Items listed in a dataset
══════
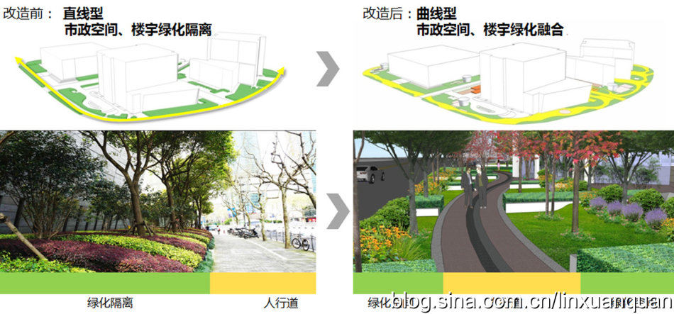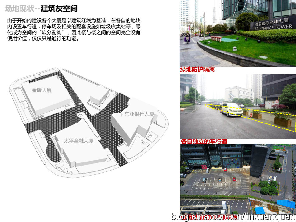 對于該改造也是如此。各個大廈是以建筑紅線為基準,在各自的地塊內(nèi)設(shè)置車行道,停車場及相關(guān)的配套設(shè)施如垃圾收集站等,綠化成為空間的“軟分割物”,因此建筑與建筑之間的空間完全沒有使用價值,僅僅只是通行的功能。
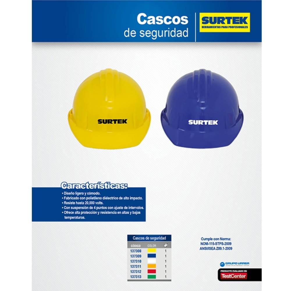 Casco de seguridad con ajuste de intervalos, color amarillo Surtek
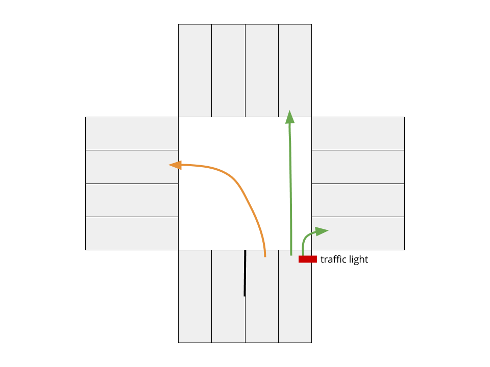 - Traffic lights separate the left-turn traffic from others. Better efficiency?
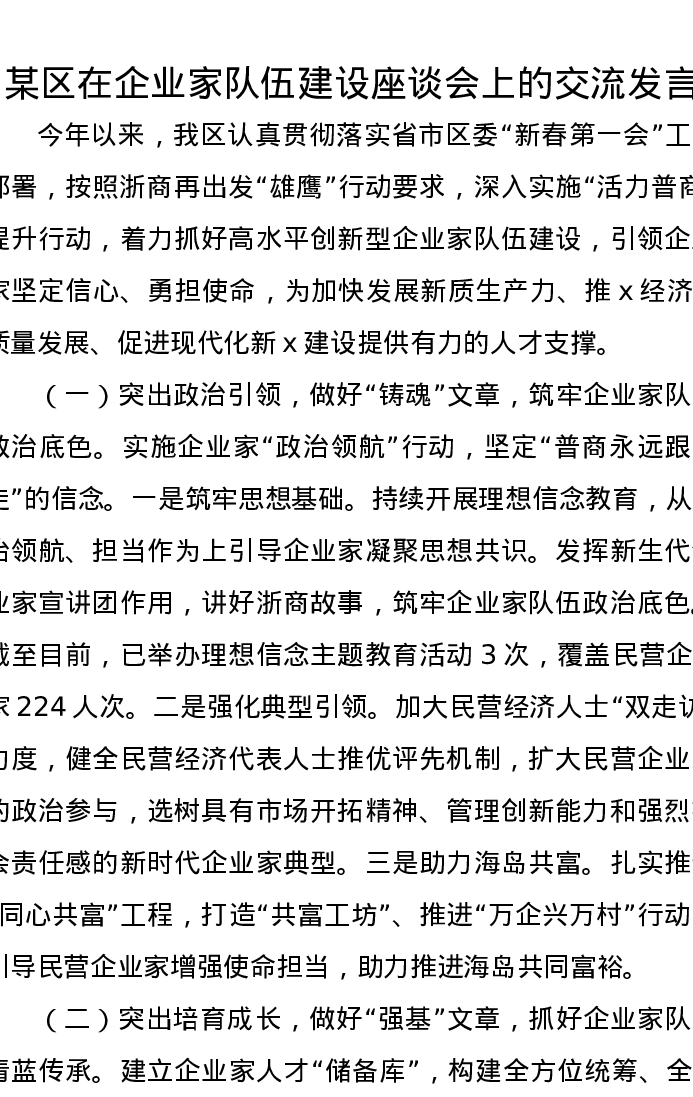某区在企业家队伍建设座谈会上的交流发言
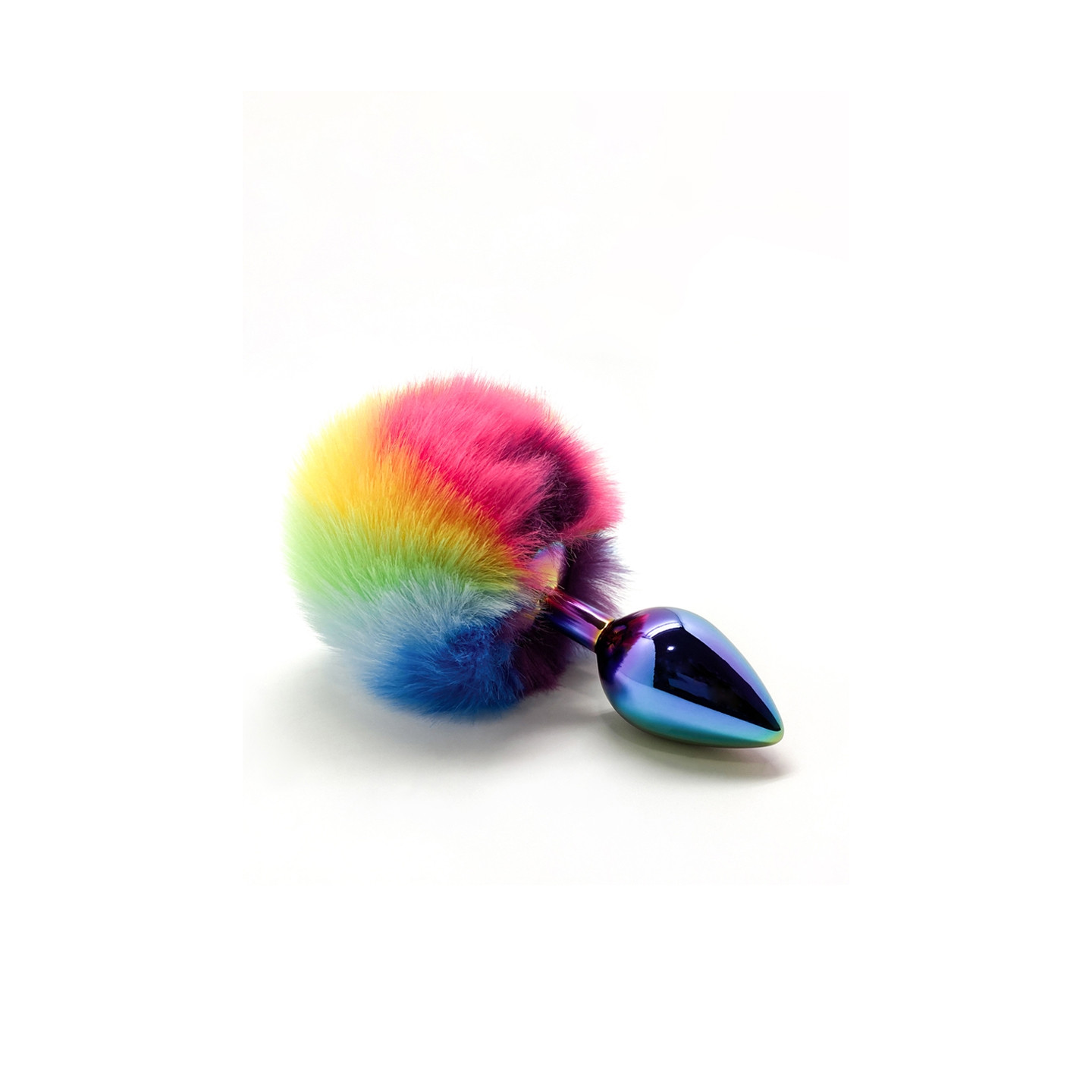 Tout autant sextoy anal, bijou coquin qu'accessoire de jeu BDSM, le plug Filippi Raimbow taille medium de chez Wooomy est un jouet intime particulièrement original et sexy avec ses couleurs LGBTQ+ friendly et son pompon en fourrure synthétique fixé à son extrémité.
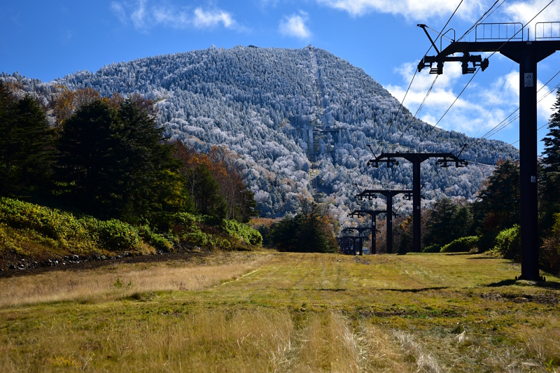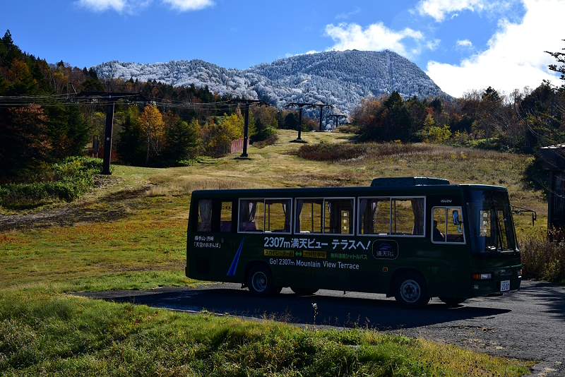 志賀高原の標高の高い場所では雪となり紅葉と雪景色が綺麗だった。
══════
Brief -> Nothing but the lines from the first line of the records above to the line with "某区在企业家队伍建设座谈会上的交流发言", inclusive, should be transcribed exactly, and the pictures must be left out.

Result below ->
 對于該改造也是如此。各個大廈是以建筑紅線為基準,在各自的地塊內(nèi)設(shè)置車行道,停車場及相關(guān)的配套設(shè)施如垃圾收集站等,綠化成為空間的“軟分割物”,因此建筑與建筑之間的空間完全沒有使用價值,僅僅只是通行的功能。
 Casco de seguridad con ajuste de intervalos, color amarillo Surtek
 - Traffic lights separate the left-turn traffic from others. Better efficiency?
某区在企业家队伍建设座谈会上的交流发言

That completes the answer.